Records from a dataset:

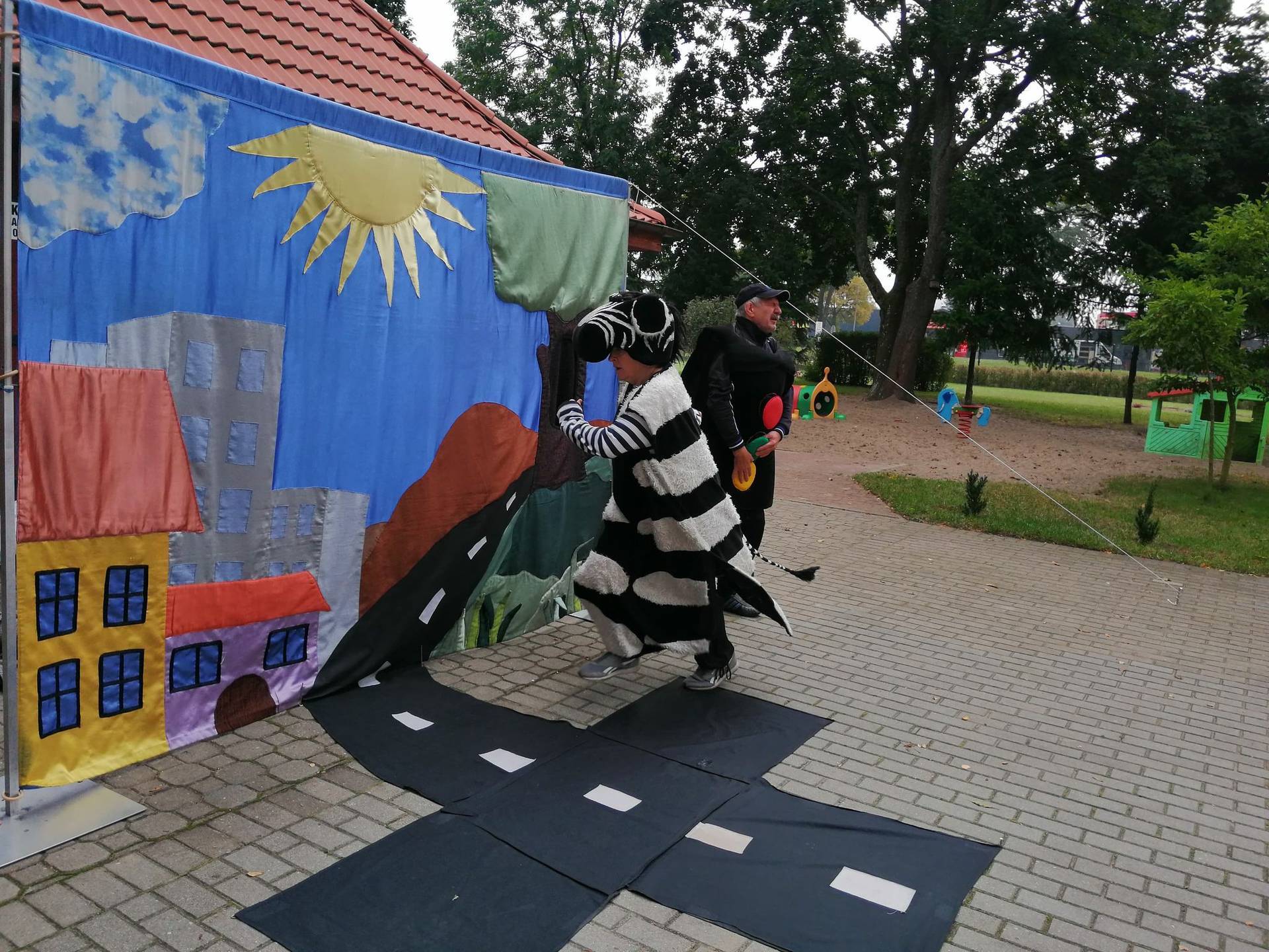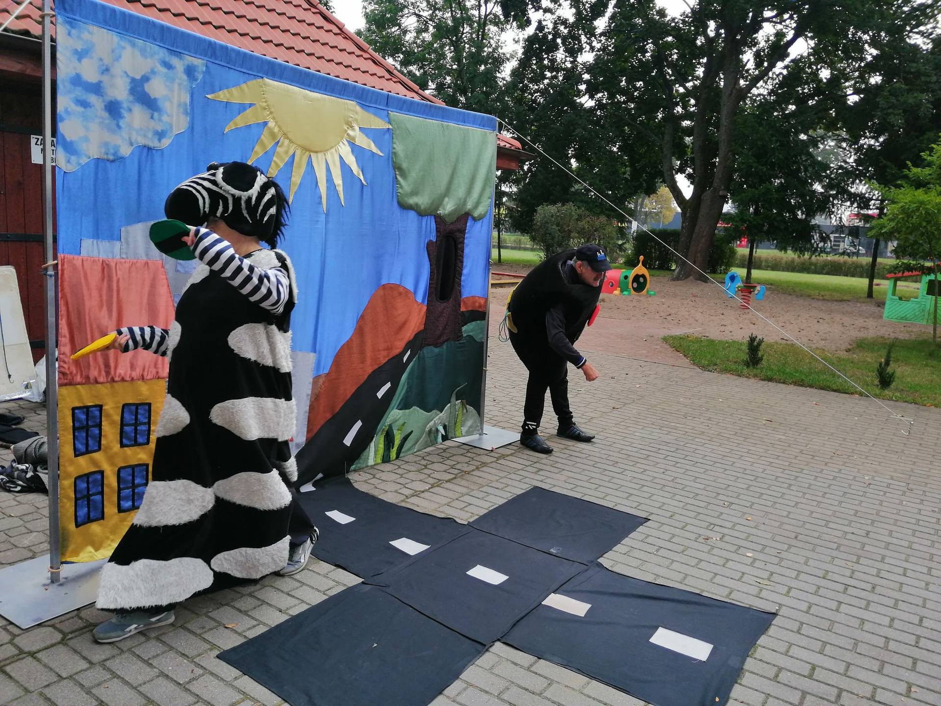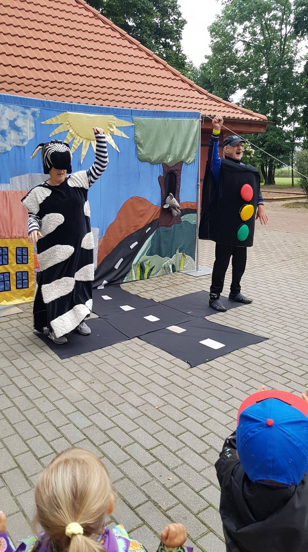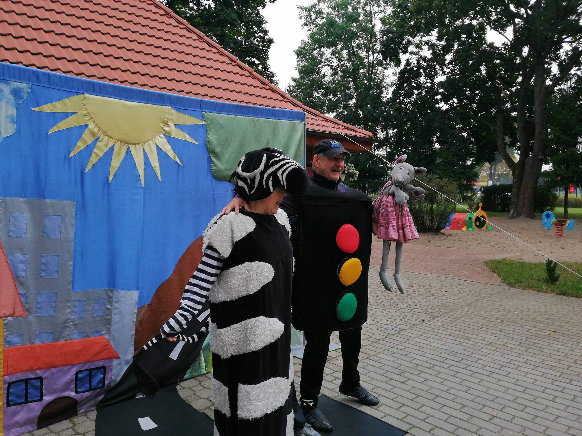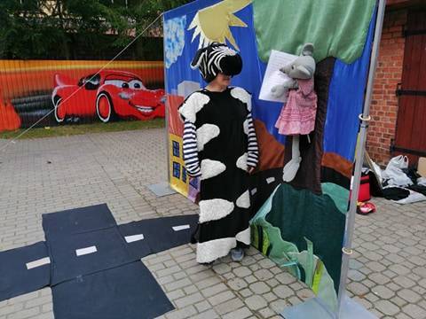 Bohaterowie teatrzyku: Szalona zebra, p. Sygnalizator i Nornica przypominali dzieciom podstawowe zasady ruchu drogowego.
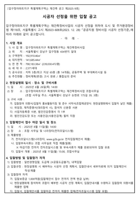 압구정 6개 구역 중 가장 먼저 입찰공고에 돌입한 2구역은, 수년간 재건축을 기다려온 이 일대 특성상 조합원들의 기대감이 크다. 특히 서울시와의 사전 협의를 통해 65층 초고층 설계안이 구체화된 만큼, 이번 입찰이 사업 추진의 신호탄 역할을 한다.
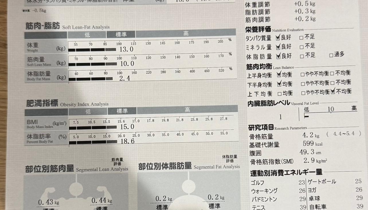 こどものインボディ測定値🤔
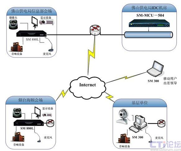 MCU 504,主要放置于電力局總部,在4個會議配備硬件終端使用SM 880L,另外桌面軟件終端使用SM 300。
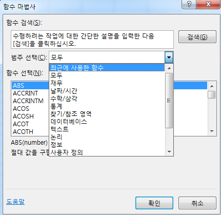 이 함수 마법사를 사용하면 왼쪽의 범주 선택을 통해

#### TASK STATEMENT:
Exactly the lines from the one containing "MCU 504,主要放置于電力局總部,在4個會議配備硬件終端使用SM 880L,另外桌面軟件終端使用SM" to the end of the records above, both end lines included, are to be printed, and no pictures with them.

#### EXPECTED OUTPUT:
 MCU 504,主要放置于電力局總部,在4個會議配備硬件終端使用SM 880L,另外桌面軟件終端使用SM 300。
 이 함수 마법사를 사용하면 왼쪽의 범주 선택을 통해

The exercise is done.